India is expanding its renewables industry through a combination of ambitious government targets and private-sector actions; and China is stepping up activity in its dominant domestic market, while targeting exports where it already holds a competitive advantage, such as solar components. Other Asian markets, including Malaysia and Indonesia, are looking at how their solar markets can still flourish in the face of increased competition from larger economies.
Such competition can help speed up technological advances and bring down costs, which should benefit the energy transition and spur the investment needed to decarbonize and keep global temperature rises in check.
Markets leaning on renewables to help push their economies out of recession could also benefit from the need to strengthen domestic supply chains; creating jobs, expanding various industries, increasing gross domestic product, as well as enhancing people’s welfare.7
However, localized supply chains will have to be rapidly built or strengthened if net-zero targets are not to be delayed.

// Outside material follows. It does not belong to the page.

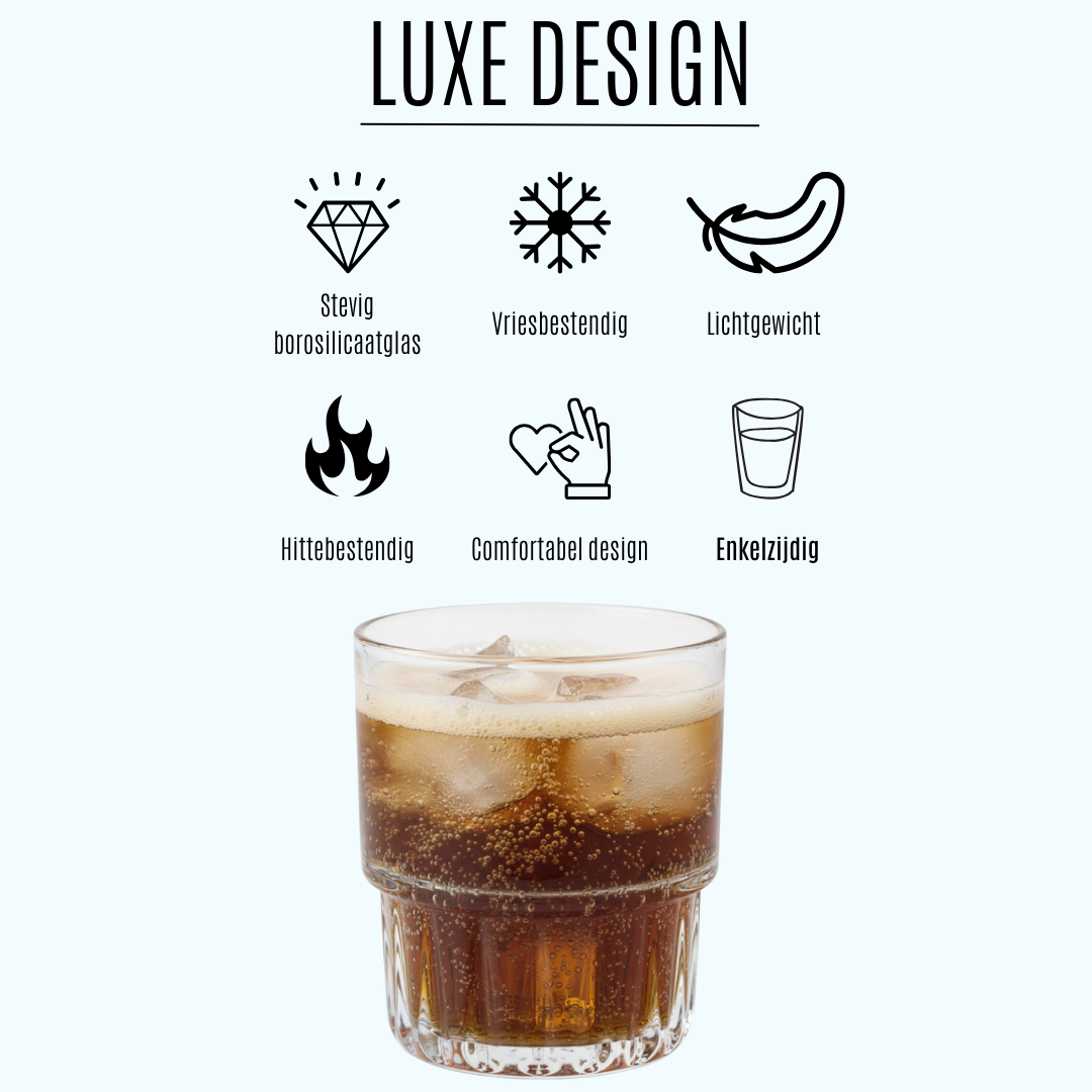 Heel tevreden over mijn bestelling! De drinkglazen zien er super stijlvol uit en voelen stevig aan. Levering was ook sneller dan verwacht. Zeker een aanrader.

Building these out will require new structures and partnerships to be created, and this will take time – especially as the International Monetary Fund expects economic growth to fall in 2023 and only rebound slightly in 2024.8
Despite such a slow-growth outlook, the investment landscape for low-carbon technologies has continued to evolve in recent years, as economies recover from the impacts of the COVID-19 pandemic while setting increasingly ambitious decarbonization targets. After an initial steady double-digit growth, energy transition deal volumes exploded over the last two years, with more growth expected as capital continues to flow into the space. In North America, deal volumes across all investor segments remained strong in 2022 following 2021's record year, though with a modest reduction in overall volumes.9
Conditions, therefore, appear ripe for turbocharging renewable energy demand and accelerating the journey to net zero – but it remains to be seen whether market interventions such as the US Inflation Reduction Act will speed up or delay the energy transition.